Is it possible to run mps on Linux?

yuedajiong commented 5 months ago

fix, so easy:

  1. to(device_make_sure_unique_same) for inited network(parameters) and inputs
  2. if still error, check log, 'MAKE_SURE' all DYNAMIC created variables: to(device_make_sure_unique_same) #IMPORTANT
mw66 commented 5 months ago

fix, so easy:

  1. to(device_make_sure_unique_same) for inited network(parameters) and inputs
  2. if still error, check log, 'MAKE_SURE' all DYNAMIC created variables: to(device_make_sure_unique_same) #IMPORTANT

I think this is what Rhys has done already, see the above comments:

https://github.com/KindXiaoming/pykan/issues/52#issuecomment-2094769633

@yuedajiong If you can make it work on cuda, can you submit a PR?

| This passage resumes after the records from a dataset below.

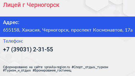 Лицей, г. Черногорск по адресу 655158, Хакасия, Черногорск, проспект Космонавтов, 17а в дальнейшем Организация, размещена в следующих категориях: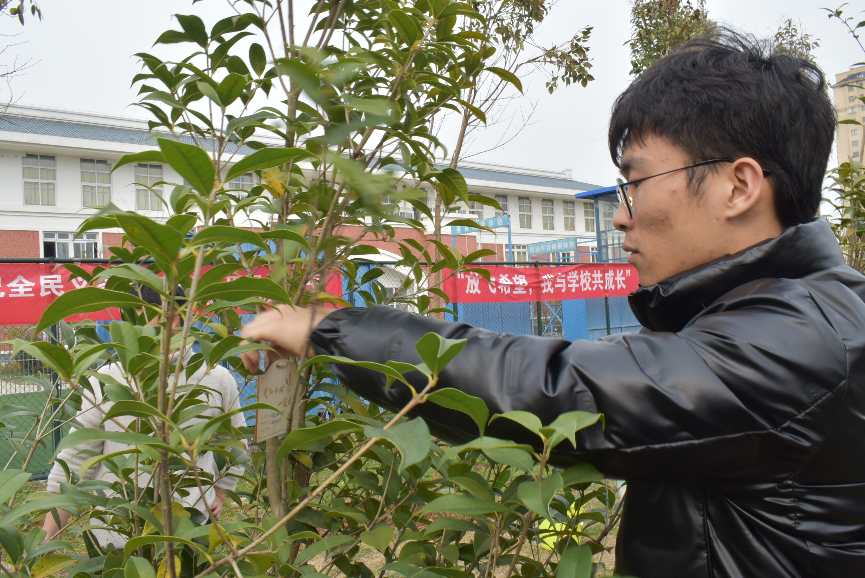 活动中,志愿服务队队员个个热情高涨,大家分工明确,有的认领树苗,有的拿着铁锹为小树培土,有的拿着水桶为树苗浇水。经过一个小时的忙碌,一颗颗小树在微风中摇荡,看着它们大家的脸上露出了满意的笑容。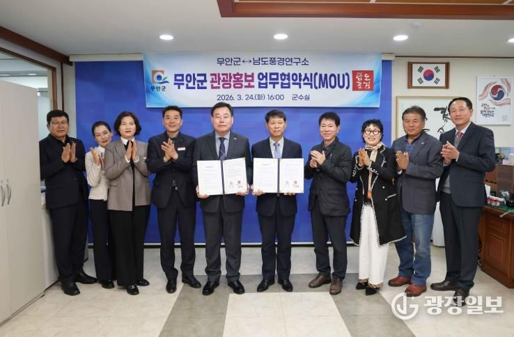 광장일보 주재영 기자 | 무안군은 지난 24일 군수실에서 남도지역 풍경정보를 전국에 제공·기록하는 단체인 남도풍경연구소와 자연·문화·관광자원 홍보를 위한 업무협약(MOU)을 체결했다.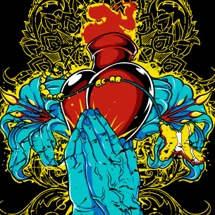 Praying zombie hands with flaming heart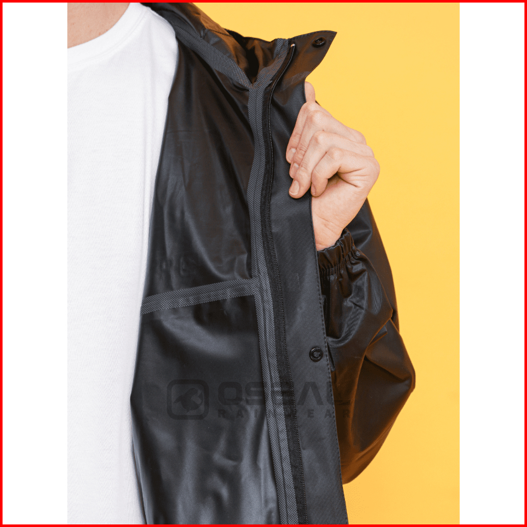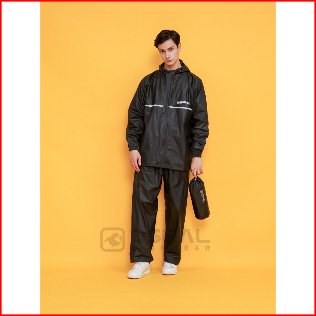 Jas Hujan Oseal Full Seal Raincoat Mantel Pria Wanita Dewasa Shine Series Hitam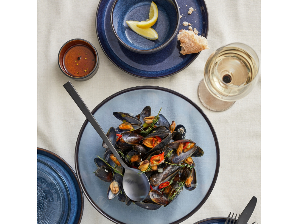 Malá kameninová miska od značky Bitz dokáže i běžné pokrmy pozvednout na vyšší úroveň. Ozdobte miskou z kameniny prostřený stůl a využijte ji například na servírování ovoce, zeleniny, pochutin či menších salátů. Miska se pyšní matnou černou glazurou z vnější strany a lesklou tmavě modrou barvou uvnitř. Doplňte kameninovou řadu nádobí Bitz tímto jedinečným kouskem!
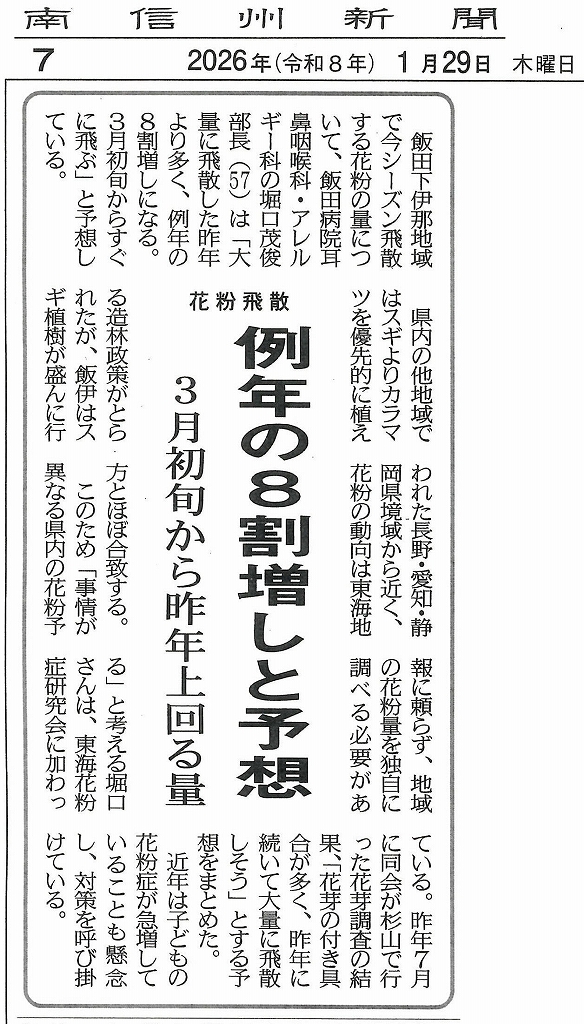 南信州新聞 2026年(令和8年)1月29日(木) 7面 -

yuedajiong commented 5 months ago

@mw66 please zip all code in your project, I have GPU, and I think I can debug and fix it, then send back to you. if you directlly tried API_10_device.ipynb, please confirm. I will debug this program.

update: 1) soooooooo easy, just in 3 minutes to fix, have done, please check my zip, and search all 'John' 2) the author is a scientist who only focuses on algorithm. I assume he typically experiment on CPU, so you may need to modify the code yourself if you want it to be of very high quality.

kan.zip

you can submit a PR and close this issue now.

mw66 commented 5 months ago

@yuedajiong Thanks for the quick fix.

But I think someone did the PR already:

https://github.com/KindXiaoming/pykan/pull/83

and I have tested it, it's working.

I also have tried your kan.zip: while it did train on GPU, the result is not good: with the original code (of API_10_device.ipynb), the CPU version and https://github.com/KindXiaoming/pykan/pull/83 cuda version, the final train result is something like x.xxe-03, e.g.

train loss: 6.48e-03 | test loss: 6.54e-03 | reg: 7.25e+00 : 100%|██| 50/50 [00:22<00:00,  2.20it/s]

While with you version of fix, the final training result is something like x.xxe-01, e.g:

train loss: 5.81e-01 | test loss: 5.82e-01 | reg: 1.41e+01 : 100%|██| 50/50 [00:17<00:00,  2.81it/s]

I have run each of the above scenario 3 times, the result are the same.